* [Exercise] In the listing below, the lines starting at the line with "New Build residential of" and ending at the line with "Figure 6 Mosaic" are to be output verbatim. Images stay out of the copy.

** Opening Available data block **

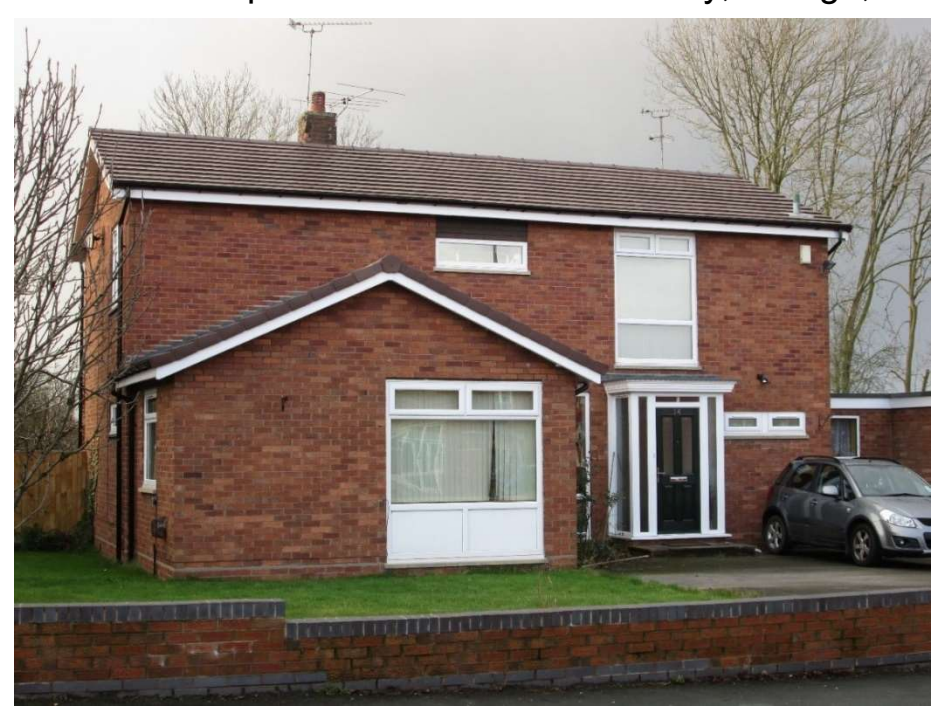
St. Andrew with St. John the Baptist Vicarage

The detached 1960's brick built vicarage is within walking distance of the church. It comprises two floors with study, lounge, dining room, large
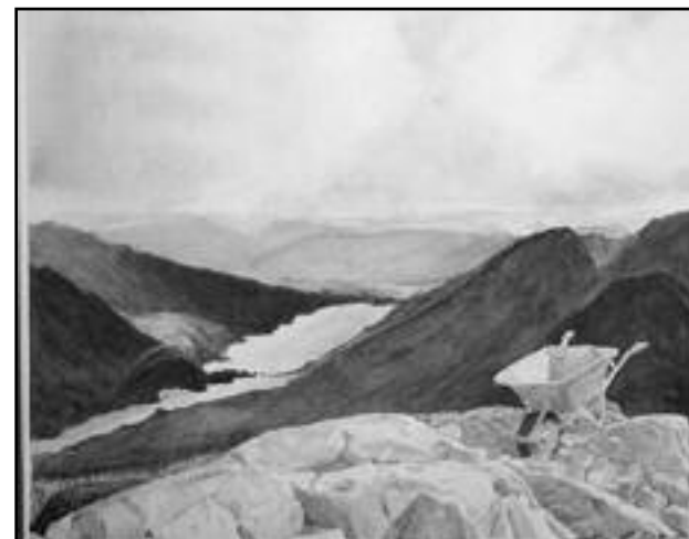
(above) Landscape Painting by WHRHS student, Olivia Hampton.

For more information visit our website at www.watchungarts.org or to place a reservation call 908-753-0190 or email atwacenter@optonline.net . The Watchung Arts Center is located at 18 Stirling Road, Watchung, NJ 07069. The Watchung Arts Center's Gallery and office hours are 12 - 3 PM, Wed - Fri, and Sat by appointment.
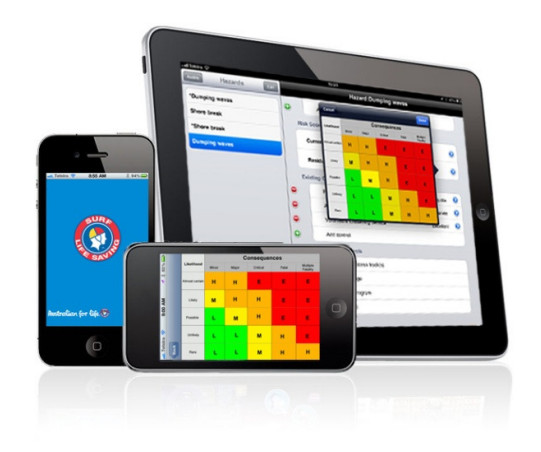
Figure 4: SLSA's suite of risk management tools for iPhone and iPad.

Risk management is a key element of the strategies to reduce injury and loss of life or other adverse impact in the aquatic environment. It is a central component of the drowning chain and used to identify threats to life and strategies to mitigate those threats in a targeted and effective manner. Surf Life Saving has been providing commercial coastal public safety risk management services to organisations (i.e. Local Government) for more than a decade. At the same time there has been an increasing requirement for our members to assess and manage risks for events and member activities. Traditionally these assessments have involved complex paper based forms and there has been a wide variation in the quality of assessment being produced.
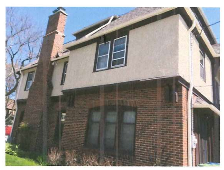
Side of house – looking north
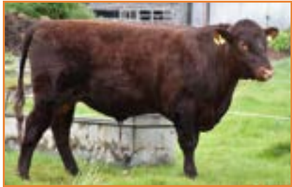
3<sup>rd</sup> Nobodys Merlin (4 entries)
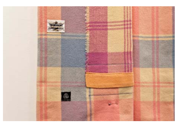
Liz Magor Eatonia , 2011 wool, fabric, metal, and thread 145 x 62 x 6 cm

Liz Magor Kenwood (salmon) , 2011 wool, fabric, plastic, and polymerized gypsum 116 x 54 x 13 cm
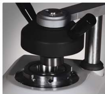
Bayonet mould closure
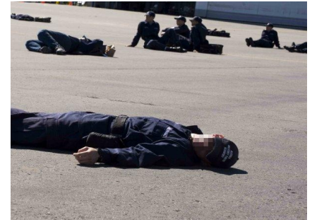
Triennial
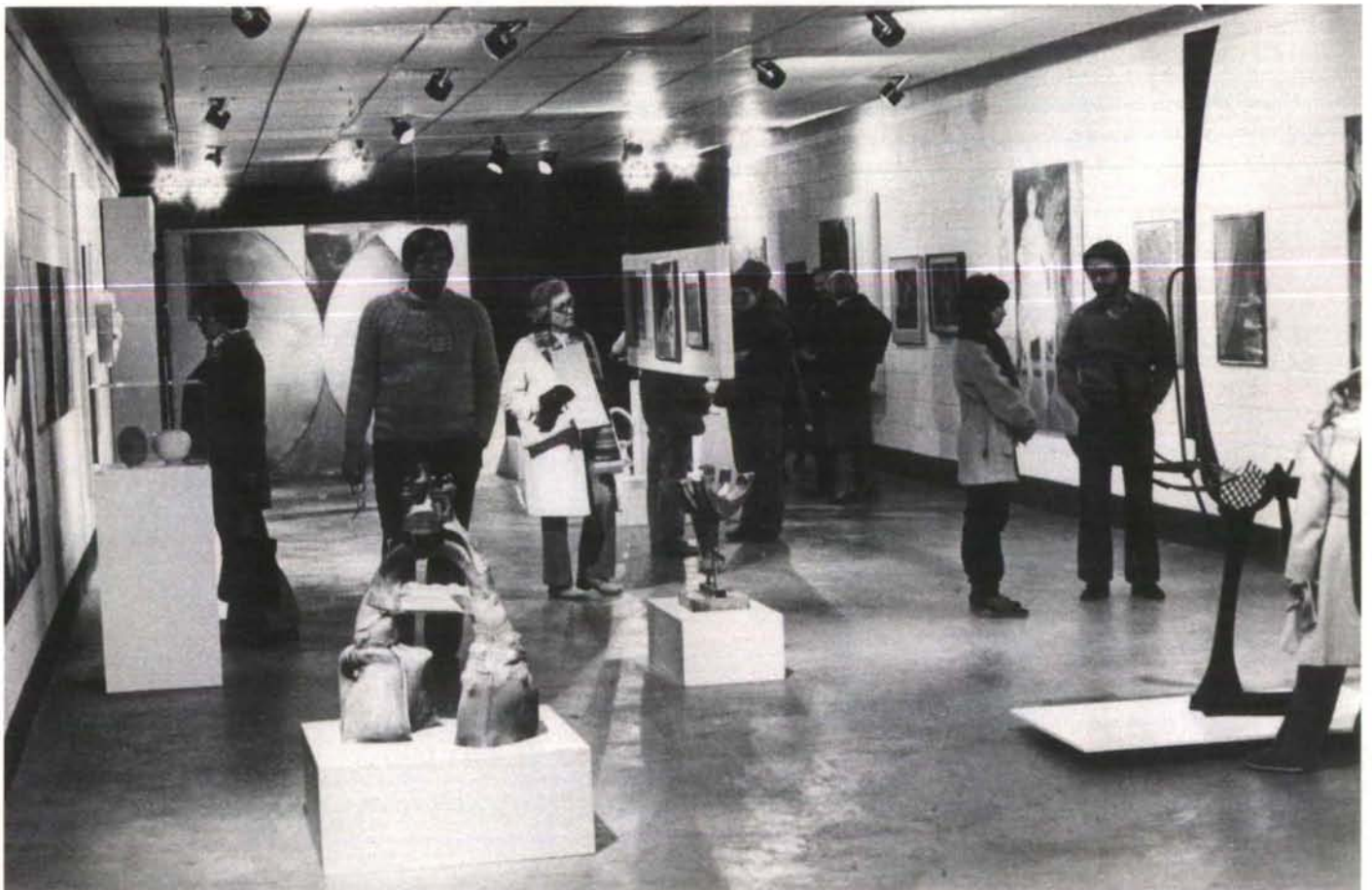
During the opening reception of the University of Tennessee Art Faculty and Graduate Student Exhibition in the Arrowmont Gallery, visitors admired the many beautiful, though sometimes unusual, pieces on display.
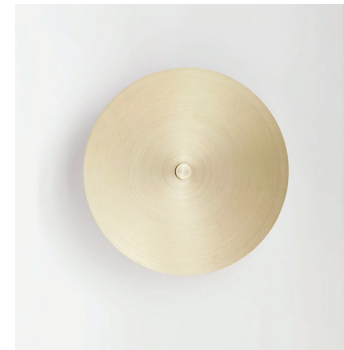
Reflection Wall Lamp
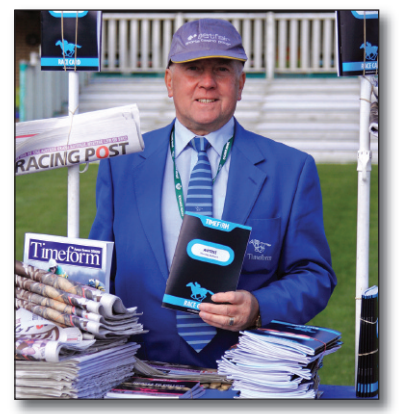
There are plenty of opportunities to pick up a Racing Post or form guide.
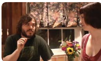
In the kitchen with Jack Black
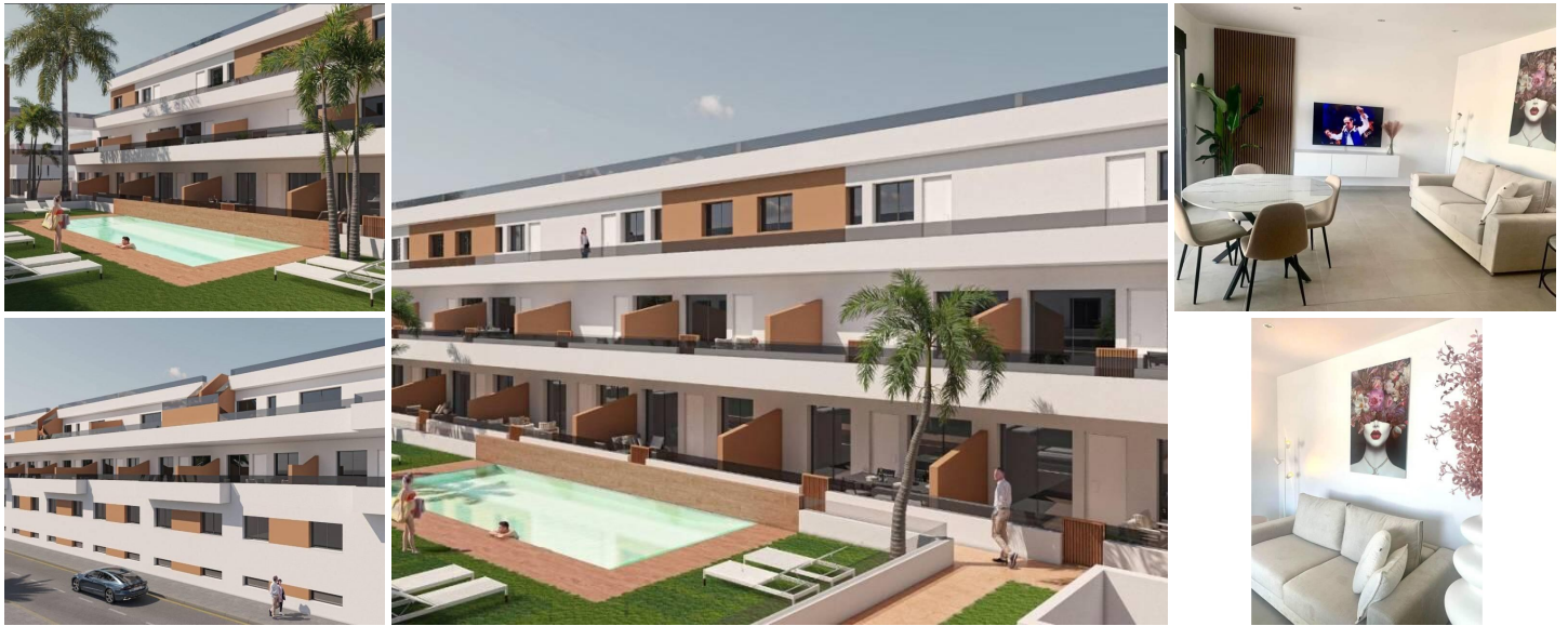
NEW BUILD RESIDENTIAL COMPLEX IN PILAR DE LA HORADADA

New Build residential of apartments and penthouses in Pilar de la Horadada.
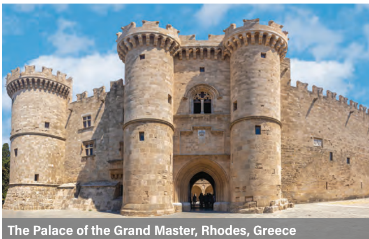
The Palace of the Grand Master, Rhodes, Greece

Founded by Greeks in the 7th-century BC and named Byzantium, in AD 324, Emperor Constantine made the city the capital of the Roman Empire, naming it after himself, Constantinople. For over 1,000 years, it was the capital of the Byzantine Empire. Renowned as the most resplendent city in Europe, in the 15th-century, it was taken over by the Ottoman Turks, making it the capital of the Ottoman Empire. Spend the day touring the city's principle historic monuments, including the Byzantine Church of Hagia Irene; the Topkapi Palace, the sumptuous place of the sultans for three centuries; the Sultan Ahmed Mosque, also known as the Blue Mosque; the Hippodrome; the underground Basilica Cistern; and the colorful Spice Bazaar. Diana will sail in the evening. (B,L,D)
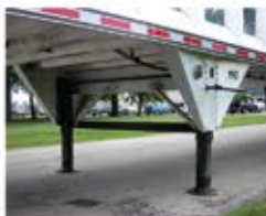
Save weight with reverse mount dollies
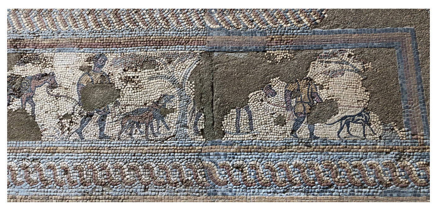
Figure 6 Mosaic of the hunting scene of the "Room of the Auriga" attached to the œcus-triclinium. House of the Fountains, Conímbriga.

Another type of hunting that may be designated as "domestic" hunting, sometimes practiced with nets to capture animals, also decorates several late mosaics, among which it is possible to mention the "Hare Hunt" mosaic of El-Djem; the "Little Hunt" mosaic of "Maison des Laberii", at Oudna (Dunbabin 1978 pl. XI fig. 22; pl. XXXIX fig. 101); some of the panels at Villa del Casale, in Piazza Armerina; or the mosaic of a room attached to the æcus-triclinium of the House of the Fountains at Conímbriga, dated from the last quarter of the 2nd century – first quarter of the 3rd century (Corpus Portugal I: 117-125 nº 11 est. 45-46)<sup>5</sup> (Fig. 6); These representations of hunting scenes, usually practiced at the great Villae, belong to a different conception of hunt, in which the dominus participate, occupying their otium cum dignitate<sup>6</sup>.

** Closing Available data block **

* [Solution to this problem]
New Build residential of apartments and penthouses in Pilar de la Horadada.
The Palace of the Grand Master, Rhodes, Greece

Founded by Greeks in the 7th-century BC and named Byzantium, in AD 324, Emperor Constantine made the city the capital of the Roman Empire, naming it after himself, Constantinople. For over 1,000 years, it was the capital of the Byzantine Empire. Renowned as the most resplendent city in Europe, in the 15th-century, it was taken over by the Ottoman Turks, making it the capital of the Ottoman Empire. Spend the day touring the city's principle historic monuments, including the Byzantine Church of Hagia Irene; the Topkapi Palace, the sumptuous place of the sultans for three centuries; the Sultan Ahmed Mosque, also known as the Blue Mosque; the Hippodrome; the underground Basilica Cistern; and the colorful Spice Bazaar. Diana will sail in the evening. (B,L,D)
Save weight with reverse mount dollies
Figure 6 Mosaic of the hunting scene of the "Room of the Auriga" attached to the œcus-triclinium. House of the Fountains, Conímbriga.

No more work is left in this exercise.